TASK TO CARRY OUT
The answer must consist only of the lines in the records below from the line with "The Forno Lamazze" to the line with "договором не предусмотрена.", both included, copied word for word with every picture left out.

EXERCISE MATERIALS

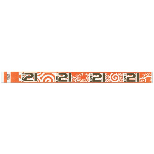 -. Binding : Office Product -. Brand : Precision Dynamics -. Color : Orange -. EAN : 0633090590979 -. Feature : Width 3/4" / Expressions wristbands feature fun, colorful pre-P.R.Inted designs that your guests will love!.Rotate colors and designs for different days of the week to keep your admissions secure / Made of DuPont® Tyvek® which is economical, water-resistant, and comfortable. / One size fits all. Strong adhesive closure with tamper-resistant feature that shreds if tampered with. Wristbands are serial numbered. -. HazardousMaterialType : Unknown -. Label : Precision Dynamics -. Manufacturer : Precision Dynamics -. Model : NTX89-29-PDM -. MPN : NTX89-29-PDM -. PackageQuantity : 500 -. PartNumber : NTX89-29-PDM -. ProductGroup : Office Product -. ProductTypeName : OFFICE_PRODUCTS -. Publisher : Precision Dynamics -. Size : 3/4" -. Studio : Precision Dynamics -. Title : Tyvek Wristbands - Over 21 Pattern - Bar - Night Club - Alcohol Serving Events - Orange Color - 500 Pieces of Wristbands per Box -. UPC : 633090590979
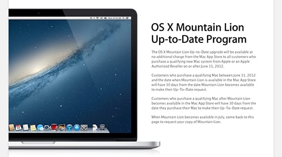 Portál MacRumors včera upozornil, že web OS X Mountain Lion Up-tp-Date programu bol nachvíľu online už s možnosťou zadávať údaje pre získanie “redeem” kódu. Vzápätí bol naspäť nahradený informačnou stránkou, ako bude možné získať 10.8 zadarmo.
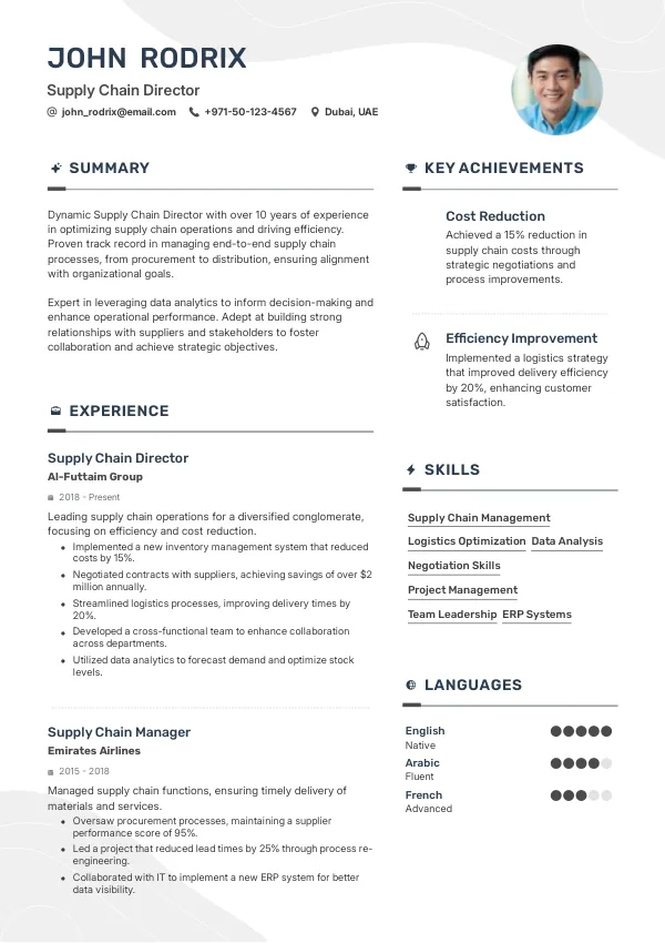 - Achievement: Successfully implemented an AI-driven supply chain solution that reduced costs by 20%, showcasing your impact and aligning with long-term residency and Golden Visa considerations.
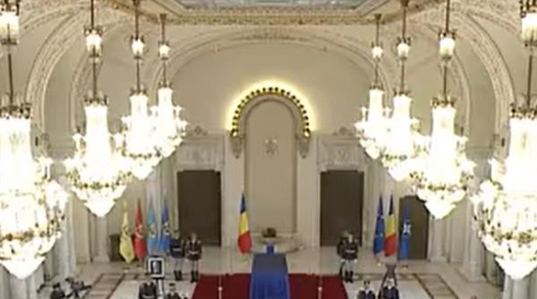 Sicriul cu trupul neînsuflețit al fostului președinte al României Ion Iliescu va fi depus pe catafalc în Sala Unirii.
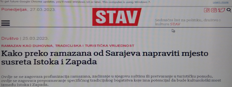 Glavni urednik ‘preletač’ i ‘pobegulja’ iz Hrvatske gdje je osumnjičen za zloupotrebu sredstava tamošnje također ‘brendirane’ firme ‘Merhamet’ Filip Mursel Begović se u zadnjem uvodniku pored ‘senzacionalnog’ intervjua sa nosiocem crne američke liste i razriješenim direktorom OSAe ‘Osmicom Mehmedagićem (u kojem osim već poznatih navoda ‘političkog progona Amerike i Zapada’ što smo čuli od ranije, ništa nije senzacionalno izuzev navodna četiri atentata na Aliju Izetbegovića), nudi nam najnoviju ideju : brendirati Ramazan kao tursitičku atrakciju.
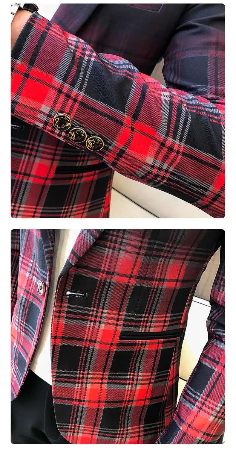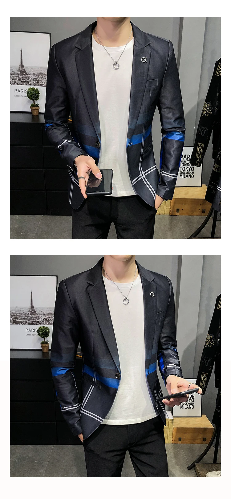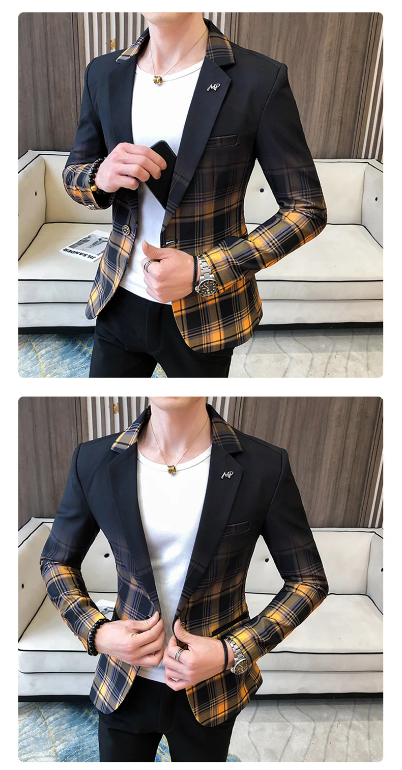Весна 2021, мужской Клетчатый Блейзер, Модный деловой Повседневный Мужской приталенный пиджак, Повседневное платье большого размера для банкета, свадьбы, вечеринки, клуба
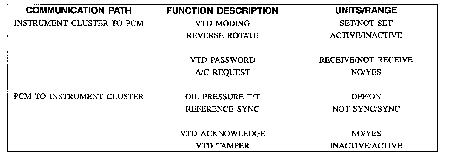 The scan tool can be used to monitor the communications between the Instrument Cluster and the Powertrain Control Module (PCM). This mode is called SDL (Serial Data Link) MONITOR on the scan tool. Refer to TABLE #2 for a listing of Vehicle Theft Deterrent Function Descriptions. This table is broken into display pairs as the scan tool lists two function descriptions per screen.
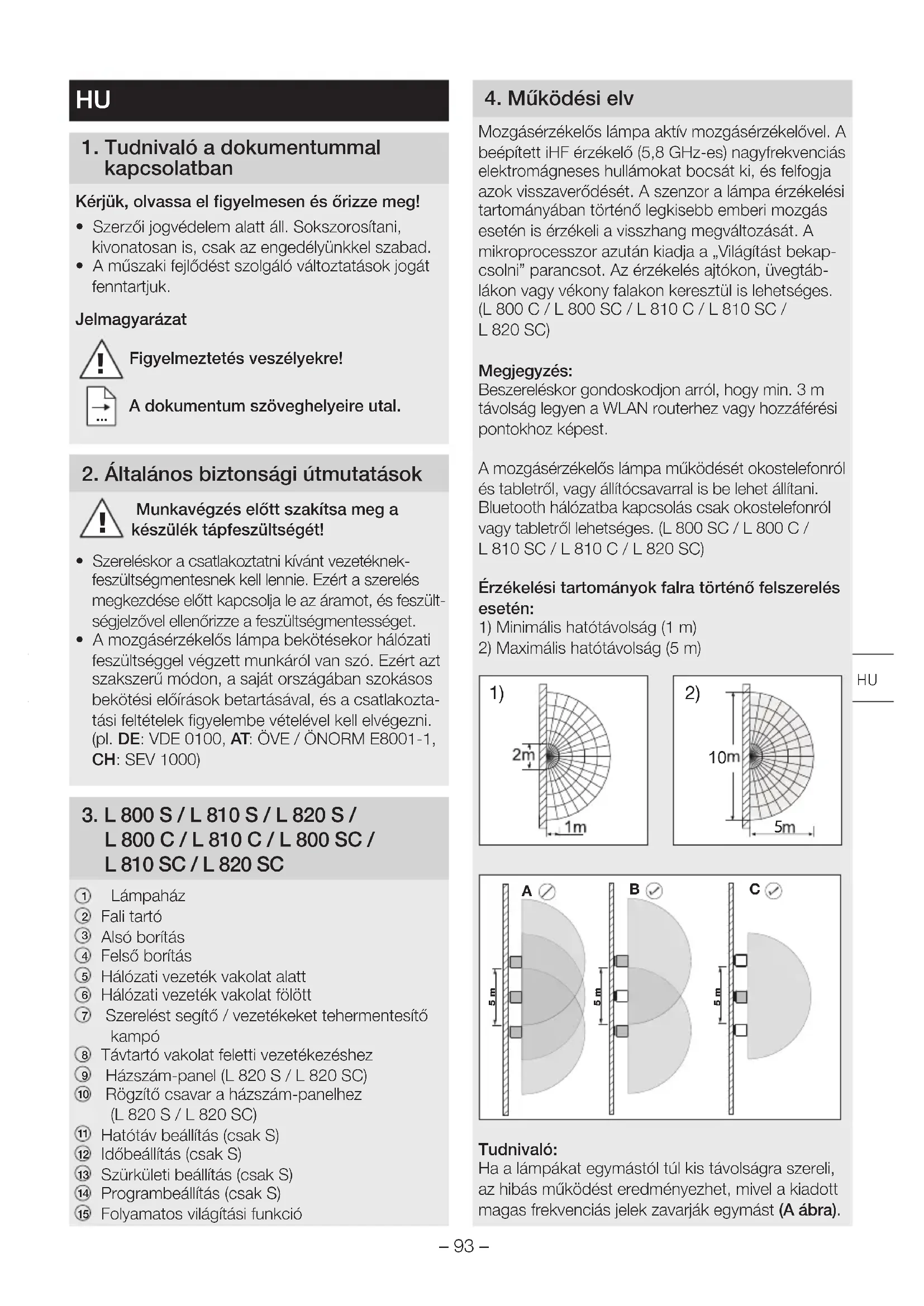 Mozgásérzékelős lámpa aktív mozgásérzékelővel. A beépített iHF érzékelő (5,8 GHz-es) nagyfrekvenciás elektromágneses hullámokat bocsát ki, és felfogja azok visszaverődését. A szenzor a lámpa érzékelési tartományában történő legkisebb emberi mozgás esetén is érzékeli a visszhang megváltozását. A mikroprocesszor azután kiadja a „Világítást bekap-csolni” parancsot. Az érzékelés ajtókon, üvegtáb-lákon vagy vékony falakon keresztül is lehetséges. (L800C / L800SC / L810C / L810SC / L820SC)Megjegyzés:Beszereléskor gondoskodjon arról, hogy min. 3 m távolság legyen a WLAN routerhez vagy hozzáférési pontokhoz képest.A mozgásérzékelős lámpa működését okostelefonról és tabletről, vagy állítócsavarral is be lehet állítani. Bluetooth hálózatba kapcsolás csak okostelefonról vagy tabletről lehetséges. (L800SC/ L800C/ L810SC/ L810C/ L820SC)Érzékelési tartományok falra történő felszerelés esetén:1) Minimális hatótávolság (1m)2) Maximális hatótávolság (5m)
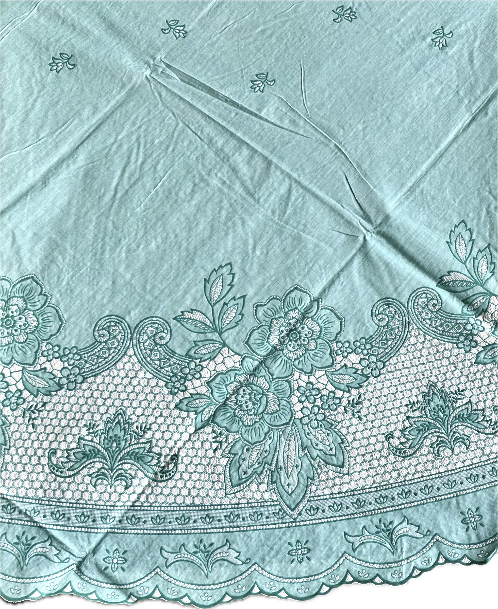 ✨Khăn trải bàn PAULEE FY116 tròn - đường kính 178cm, hoa văn, màu xanh ngọc, nhựa PVC dẻo, không thấm nước
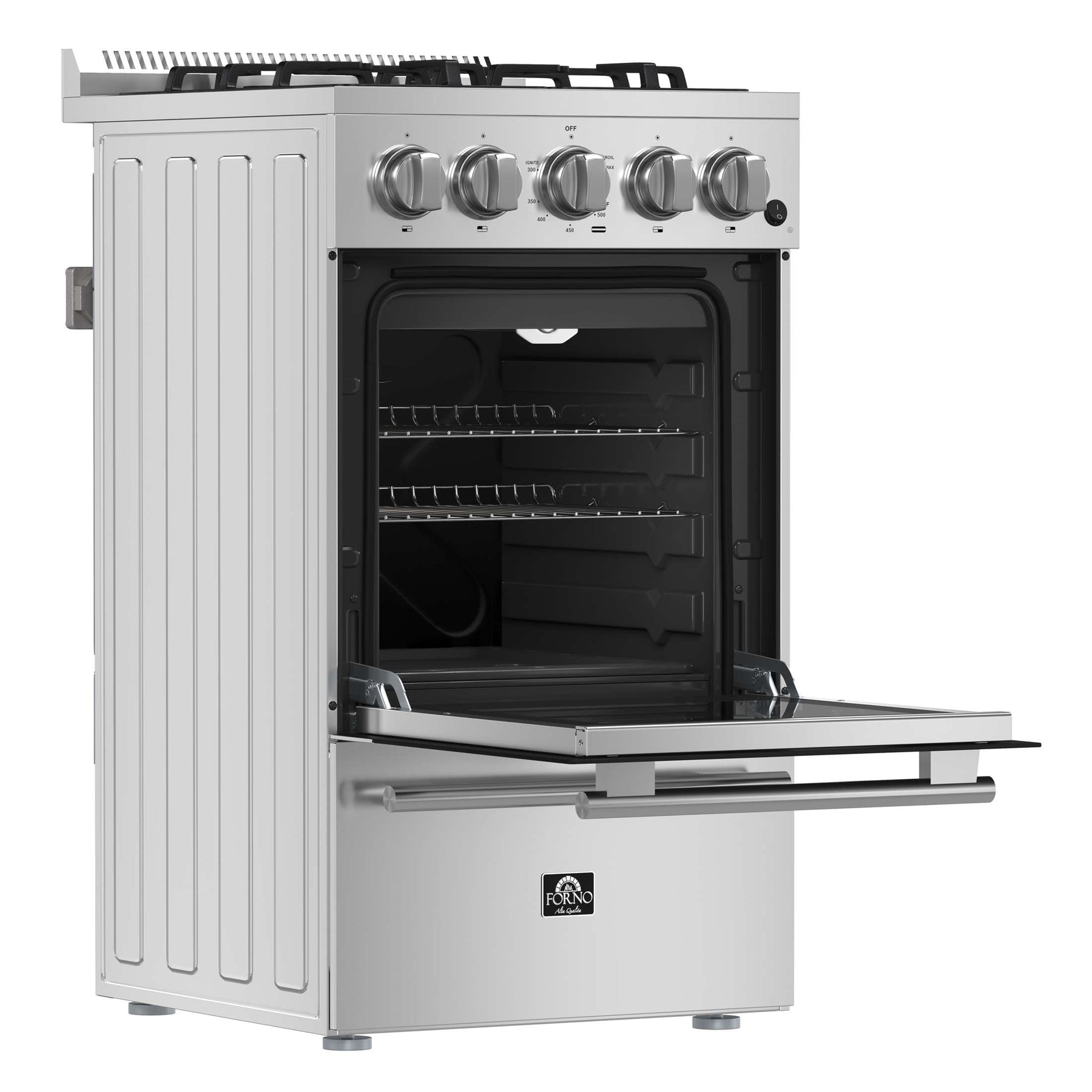 The Forno Lamazze 20 Inch Alta Qualita Pro-Style Freestanding Gas Range brings professional styling and Performance into your home kitchen with its durable stainless-steel design. Cooking Surface has with 4 sealed burners with a total output of 21,200 BTU and features continuous cast iron grates. The 20 Inch oven has a capacity of 2.05 cu. ft. with a combined broil and oven output of 13,000 BTUs and Internal cooling fan. Included are 2 electroplated oven racks, LP conversion kit and power cord. Ensure precision with your cooking using the unit’s thermostat and regulator. Additionally, zinc coated metal knobs with bezel rings will maintain their beauty for years.
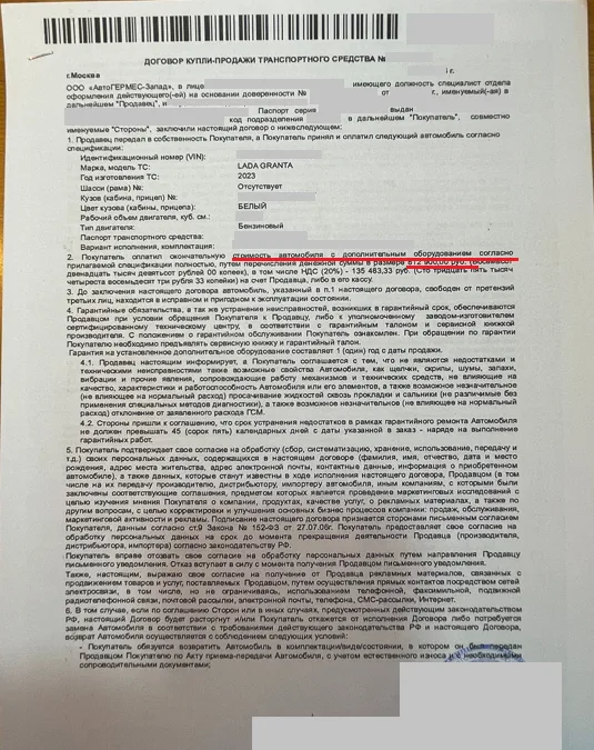 • Цена автомобиля в договоре купли-продажи изначально определена с учётом скидки. Возможность приобрести автомобиль по иной, «полной» цене договором не предусмотрена.
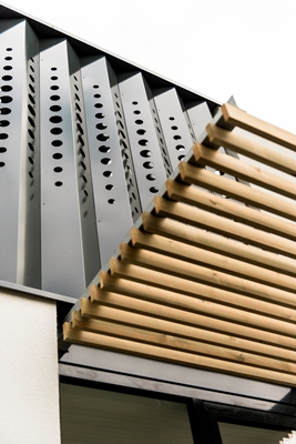 Door het optillen van de woning is een zwarte plint ontstaan die de bovenliggende volumes laat zweven boven het terrein. De entree wordt gemarkeerd door een brede, stoere trap en fraaie houten luifel. In de gevels is een abstracte verdeling gemaakt, waar open en gesloten vlakken elkaar afwisselen. Boven de entree is een in kleur en materiaal afwijkend vlak aangebracht. De grote gevouwen plaat van metaal geeft een sterk karakter en een dieptewerking aan de gevel. De ronde gaten in deze plaat zorgen op de eerste verdieping voor prachtige lichteffecten en bieden bovendien privacy aan de straatkant. Aan de afwerking van de woning is zichtbaar veel aandacht besteed.
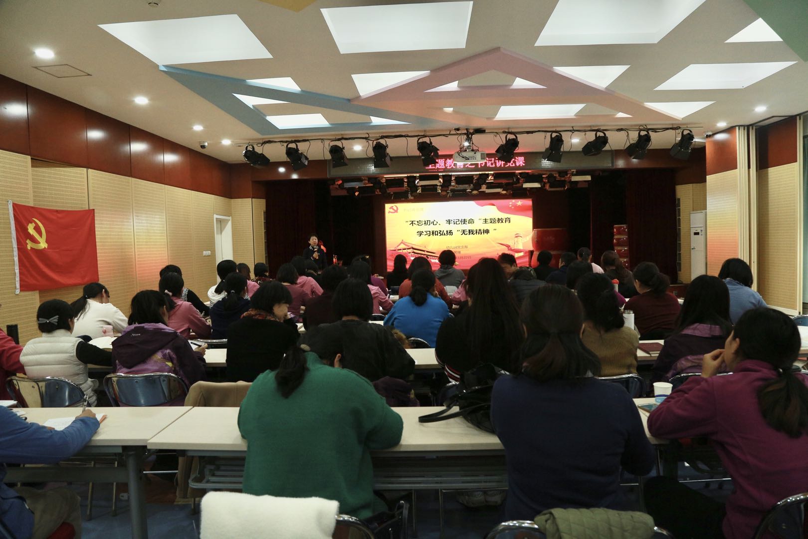 为进一步落实上级党组织要求,继续深入开展“不忘初心、牢记使命”主题教育活动,2019年11月22日,实验幼儿园党支部书记黄珊做题为“学习和弘扬‘无我’精神”主题党课。实验幼儿园党支部全体党员和部分积极分子聆听党课。
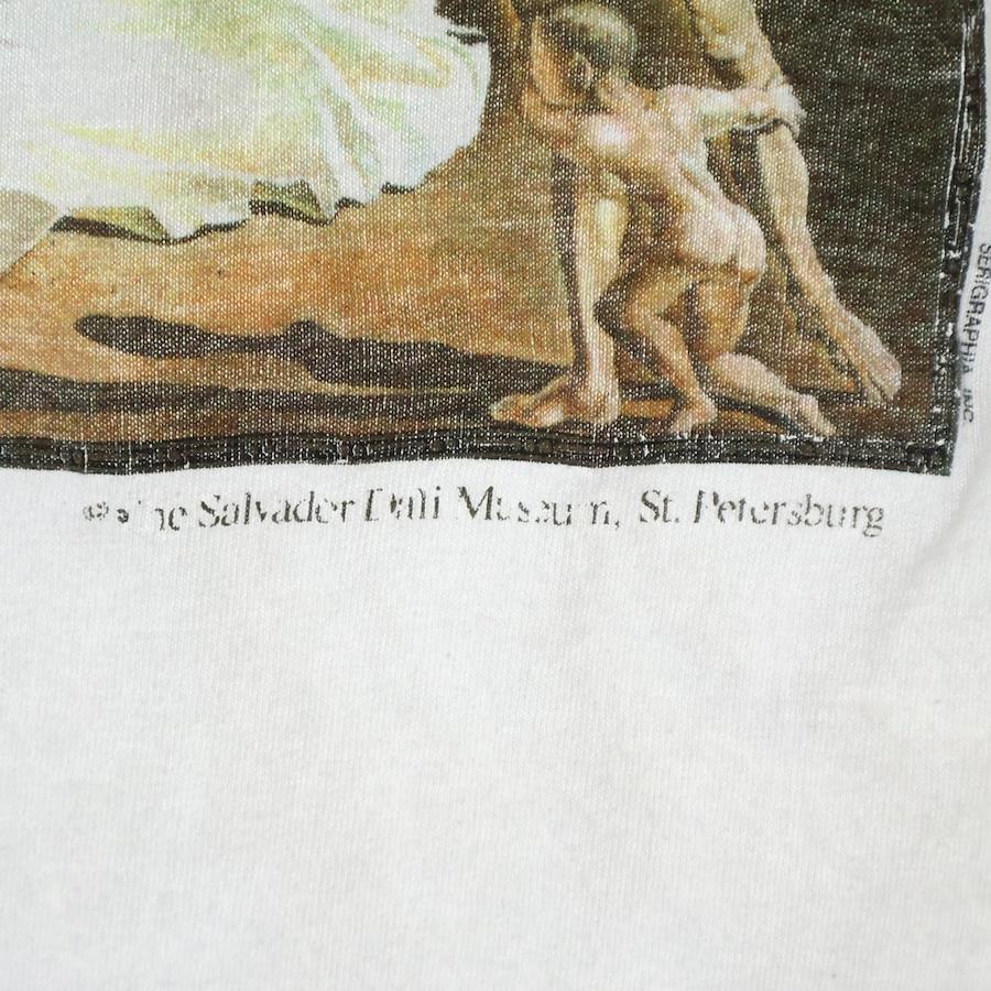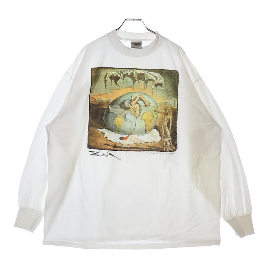 [モデル]90s Salvador Dali 新人類の誕生を見つめる地政学の子供 アートプリント 長袖Tシャツ ホワイト

WRITTEN RESPONSE
 The Forno Lamazze 20 Inch Alta Qualita Pro-Style Freestanding Gas Range brings professional styling and Performance into your home kitchen with its durable stainless-steel design. Cooking Surface has with 4 sealed burners with a total output of 21,200 BTU and features continuous cast iron grates. The 20 Inch oven has a capacity of 2.05 cu. ft. with a combined broil and oven output of 13,000 BTUs and Internal cooling fan. Included are 2 electroplated oven racks, LP conversion kit and power cord. Ensure precision with your cooking using the unit’s thermostat and regulator. Additionally, zinc coated metal knobs with bezel rings will maintain their beauty for years.
 • Цена автомобиля в договоре купли-продажи изначально определена с учётом скидки. Возможность приобрести автомобиль по иной, «полной» цене договором не предусмотрена.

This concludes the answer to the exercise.